WikiWebQuestions (WWQ) Dataset

Implementation

Experiments

Experiment with QALD-7

Conclusions, Limitations, Ethical Considerations, Acknowledgements, and References

A. Examples of Recovering from Entity Linking Errors

8 Conclusion

We have created a new high-quality benchmark, WikiWebQuestions, for large knowledge-base question answering. The dataset is based on the popular WebQuestionsSP dataset with natural questions, annotated with SPARQL for Wikidata.

We establish a first, strong baseline of 65% answer accuracy and 72% F1 score for WikiWebQuestions. This is achieved by fine-tuning LLaMA with a few-shot training data set using a SPARQL query format modified for semantic parsing.

We show that we can reduce the hallucination of large language models like GPT-3 by grounding it with a semantic parser. For the dev set of WikiWebQuestions, this combination approach provides useful information for 96% of the questions in the dev set of the benchmark. More importantly, it generates verifiable answers for 76% of the questions.

Limitations

While applications of large language models seem to expand every day, this paper mainly focuses on factoid question answering. Long-form text generation, for example, is outside the scope of the experiments of this paper, but the methodology described here may be extended to this setting in the future. Even though knowledge bases are an important source of facts, a large portion of the knowledge available in digital form (e.g. Wikipedia, news articles, etc.), is not organized into knowledge bases. As such, the results of this paper can be considered complementary to the larger body of fact-checking research based on free text.

Our semantic parser can be used to verify answers from LLMs. However, this additional round of running the semantic parser and querying Wikidata increase the response latency, which may be noticeable by end-users of such systems.

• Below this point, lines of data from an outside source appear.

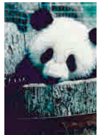
Nacimiento de Chu Lin

Con esta exposición el público podrá conocer algunos de los proyectos de investigación, conservación y educación que han hecho evolucionar al zoológico desde su apertura en el año 1972 y que le han convertido en un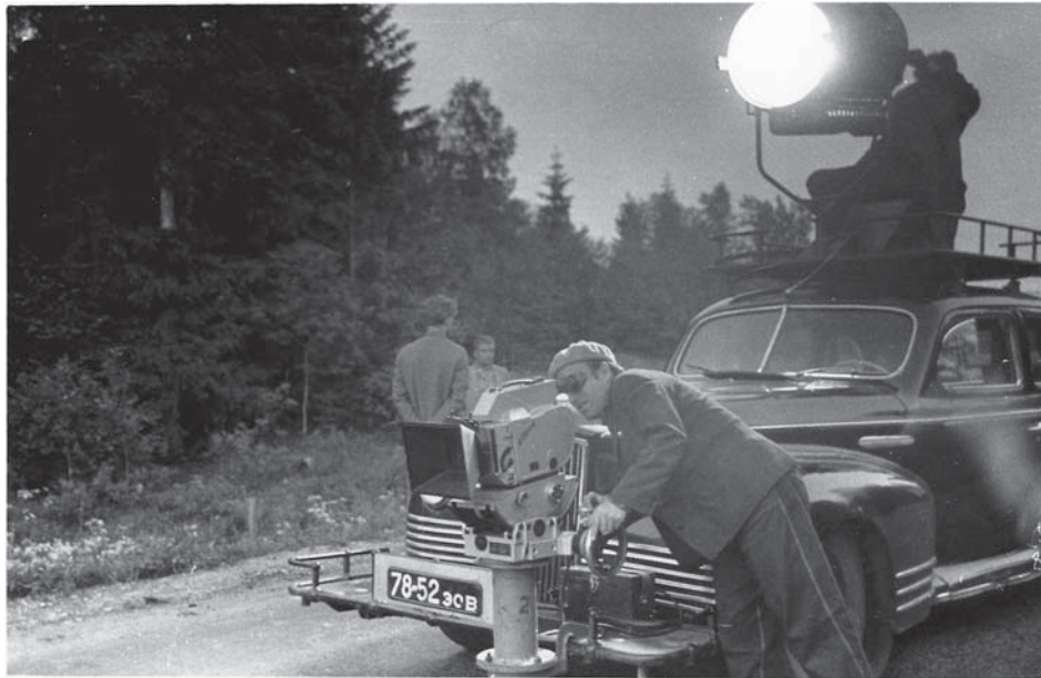
Telefilmi „Võlg“ võtetel 1966. aastal.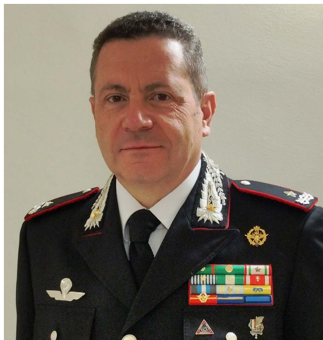
Generale di Brigata Raffaele Covetti, Comandante dei NAS dell'Arma dei Carabinieri

Generale Covetti, tra le varie funzioni di tutela della salute pubblica i NAS possono essere visti anche come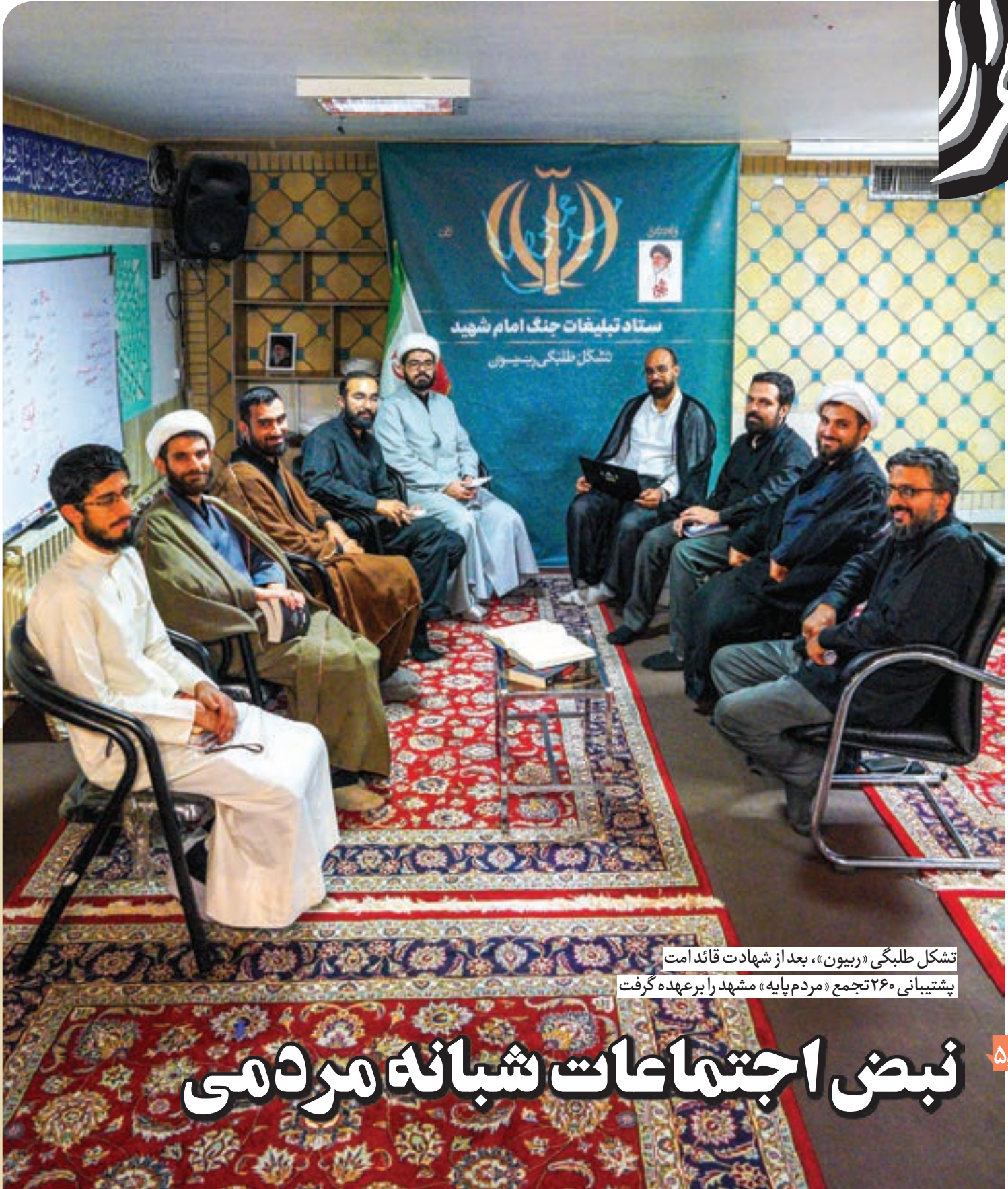
تشکل طلبگی «ریبون»، بعد از شهادت قائد امت پشتیبانی ۲۶۰ تجمع «مردم پایه» مشهد را برعهده گرفت

All of our datasets and experiments are conducted for English. Expanding to other languages, while possible (Moradshahi et al., 2020) are outside the scope of this work.

Our experiments were performed using GPT-3 (davinci-002) as that was what we had access to when we started the project. Undoubtedly, the later LLMs will produce better results. Nonetheless, the need to have verifiable results based on live database accesses will remain.

Ethical Considerations

LLMs are used by millions of people everyday. We hope that this line of work will help make them more reliable for everyone, mitigating some of their potential downsides, and giving users access to more accurate information. Our use of Wikidata will enable future researchers and developers to connect their systems with a large, diverse and live knowledge graph that is updated every day. We do not anticipate any harm resulting from the methods introduced in this work.

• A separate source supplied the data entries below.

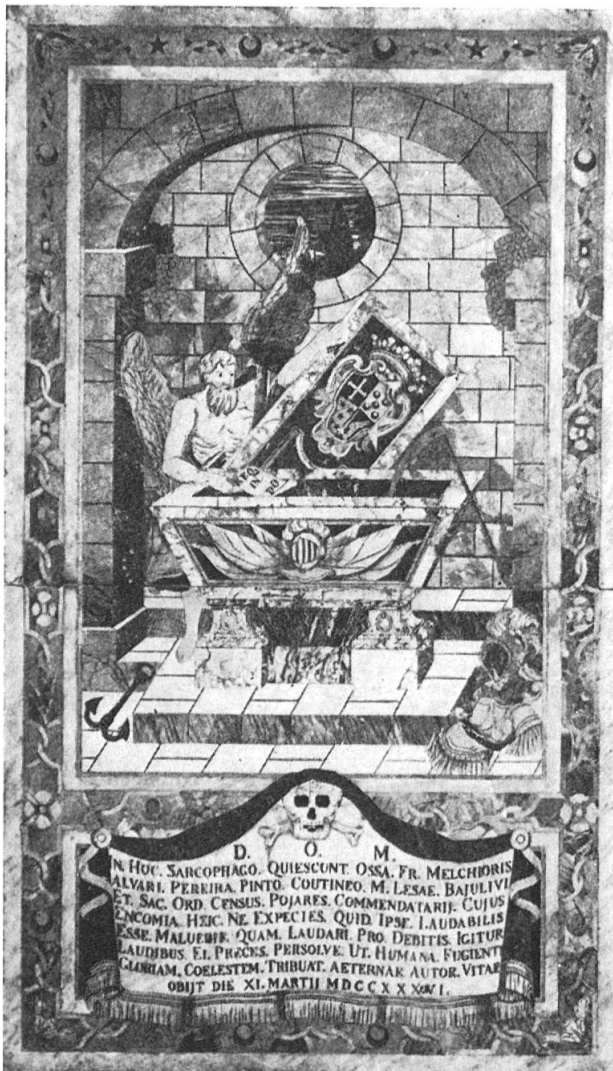
Fig. 1. Tombe du commandeur Pinto Coutinho

térêt, pour l'histoire du blason, ainsi que pour l'histoire tout court. Il est relativement facile de se faire une idée de ces dalles : elles ont toutes été reproduites dans l'admirable ouvrage de Sir HANNIBAL SCICLUNA, The Church of St John in Valetta , publié à Rome en 1956. Il est impossible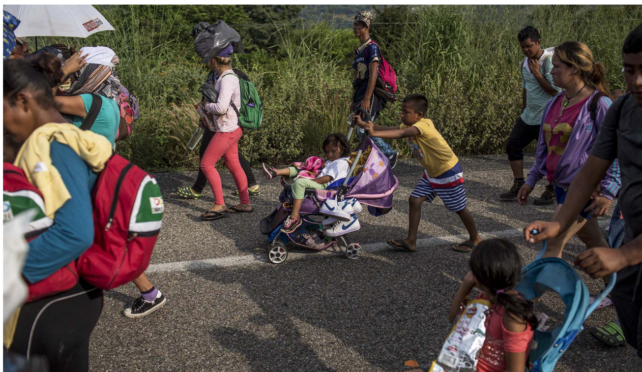
Un niño empuja el carruaje donde viaja su hermana, entre los demás caminantes.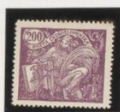
Verde Violeta castaño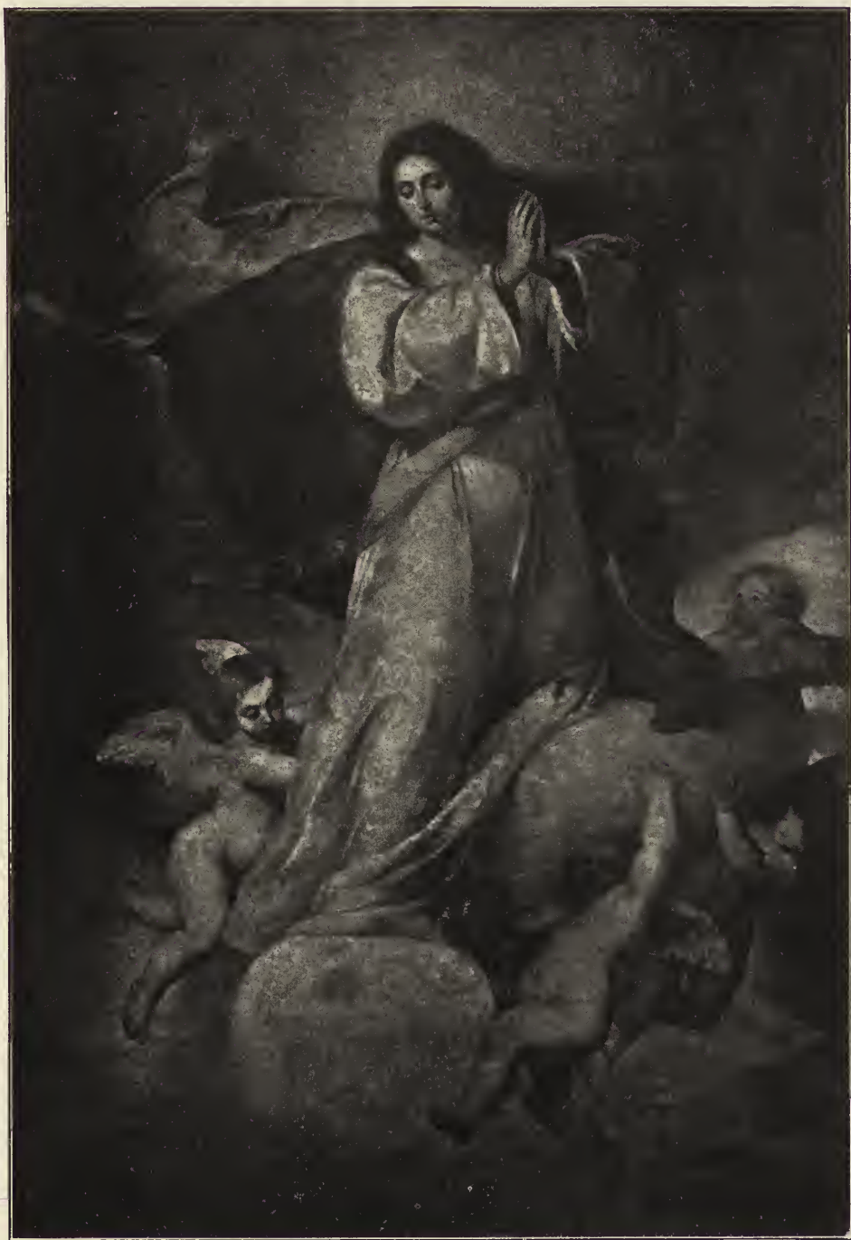
Abb. 28. Die unbefleckte Empfängnis. Altargemälde aus dem großen Franziskanerkloster zu Sevilla; jetzt im Museum zu Sevilla.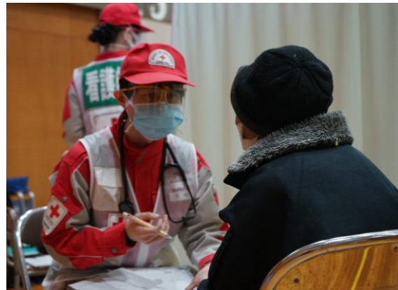
避難者の診察を行う医師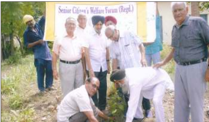
Members of Senior Citizens forum (Regd.) Jagraon planting a sampling to celebrate Van Mahotsava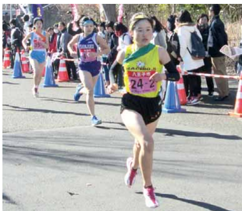
▲ゴールに向かってたすきをつないで

開催日 2月5日(日) スタート時間 女子の部：午前10時、男子の部：午後1時 会場 味の素スタジアム(調布市)、都立武蔵野の森公園特設周回コース(府中市・調布市・三鷹市)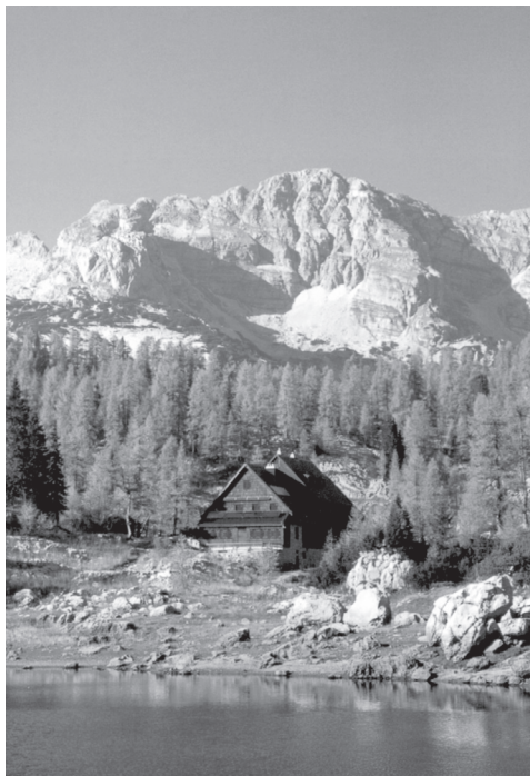
Slika 5: Veliko Špièje (2398 m) nad Koèò pri Triglavskih jezerih (1685 m).

najzahodnejši dvatisočak Košute (2088 m) 57 B 2,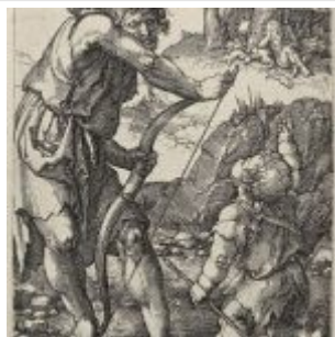
Ламех и Каин (Быт. 4:1-17) Художник: Лейден, Лукас ван Гравёр: Лейден, Лукас ван Дата создания: 1524 Материал, техника: резцовая гравюра на меди Местонахождение: Вена, Собрание графики Альбертина Стиль, эпоха: Возрождение Страна: Нидерланды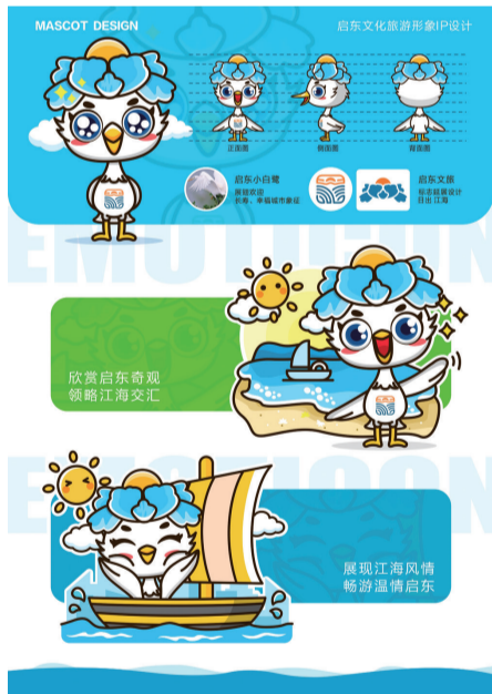
09 “启东小白鹭” 作者 梁 靖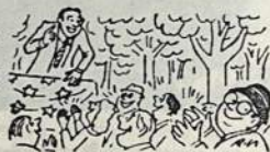
Siek tiek seimavojo,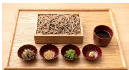
十割そば(もり・かけ)1,000 円

We did not crowdsource any datasets for this paper, as the questions are converted from a previous dataset and all the re-annotation and analysis is done by the authors.

To conduct experiments in this paper, we used an estimated total of 60 NC96ads-A100 GPU hours on Microsoft Azure. Each finetuning experiment takes roughly 3 hours, and we conducted roughly 20 experiments to arrive at the results in this paper.

Acknowledgements

This work is supported in part by the National Science Foundation, the Alfred P. Sloan Foundation, the Verdant Foundation, Microsoft Azure AI credit, KDDI, JPMorgan Chase, and the Stanford HumanCentered Artificial Intelligence (HAI) Institute. We also thank the reviewers for their valuable comments and suggestions.

References

Shengnan An, Bo Zhou, Zeqi Lin, Qiang Fu, Bei Chen, Nanning Zheng, Weizhu Chen, and Jian-Guang Lou. 2023. Skill-based few-shot selection for in-context learning.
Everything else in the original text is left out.